--- Recorded data ---

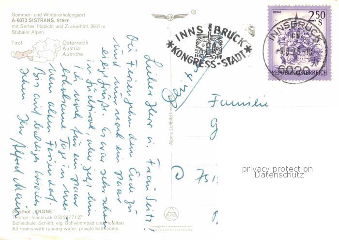 72773521 alte Postkarte Sistrans mit Stubaier Alpen Fliegeraufnahme postalisch gelaufen Erhaltung siehe scans [FriedD77] KatCode: 11390332070353
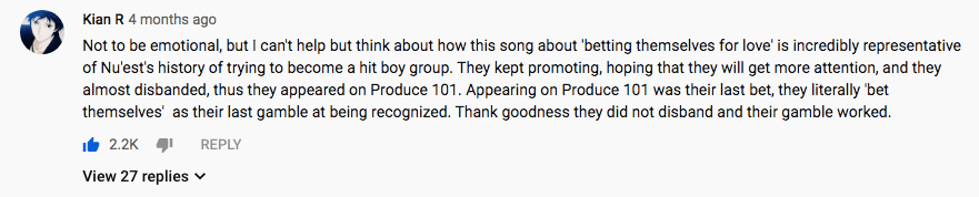 A comment on the significance of the MV title garnered over 2000 likes, showing the huge amount of interest fans have for this topic.
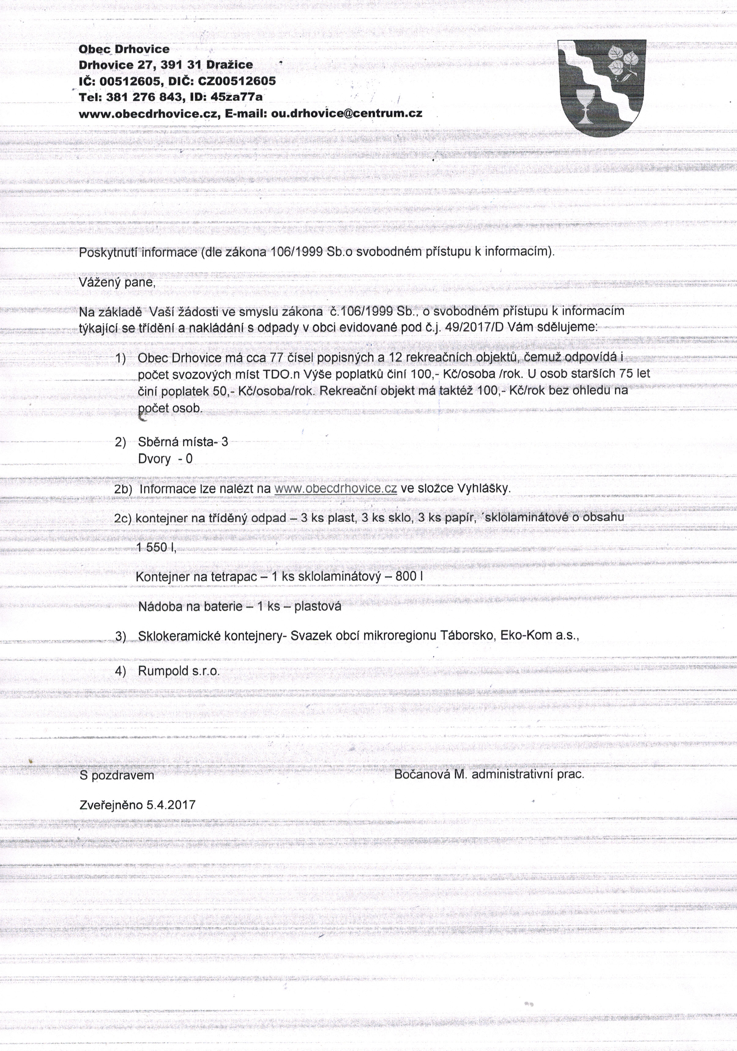 Www: www.obecdrhovice.cz
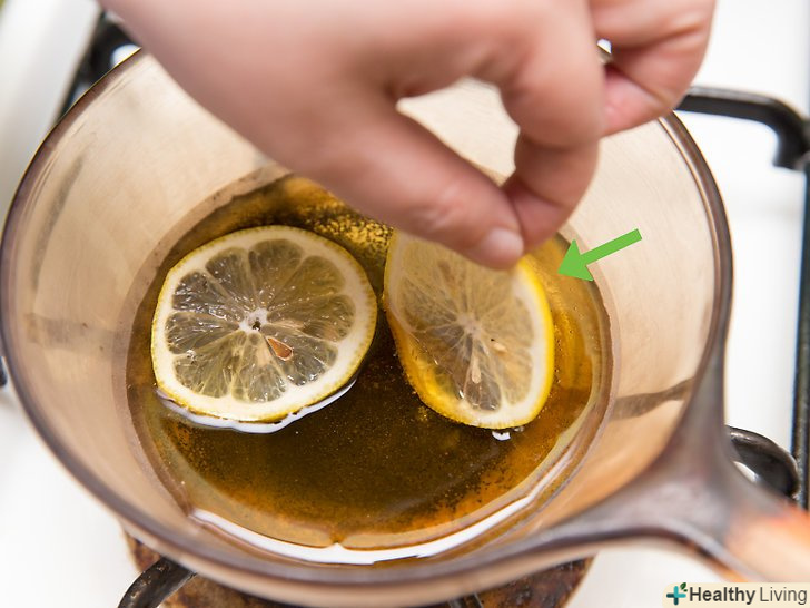 Використовуйте гліцерин замість меду.якщо у вас немає меду або ви з якихось причин не можете його використовувати, замініть його гліцерином. Розігрійте суміш, що складається з ½ склянки гліцерину і ½ склянки води на повільному вогні. Потім додайте 3-4 столові ложки лимонного соку в отриману суміш. Після цього додайте ¼ - ⅓ склянки води. Помішуйте, продовжуючи нагрівати суміш на повільному вогні. Охолодіть суміш. Коли вам знадобиться ліки від кашлю, приймайте цей засіб по 1-2 столові ложки.- Гліцерин визнаний безпечним засобом для прийому всередину. Чистий гліцерин-безбарвна в'язка солодкувата рідина без запаху, яка використовується для виготовлення харчових продуктів і засобів особистої гігієни.[8]

---

Exercise objective: What you give back should be exactly the lines from the top of the data above down to and including the line with "A comment on", minus any pictures.

Answer:
 72773521 alte Postkarte Sistrans mit Stubaier Alpen Fliegeraufnahme postalisch gelaufen Erhaltung siehe scans [FriedD77] KatCode: 11390332070353
 A comment on the significance of the MV title garnered over 2000 likes, showing the huge amount of interest fans have for this topic.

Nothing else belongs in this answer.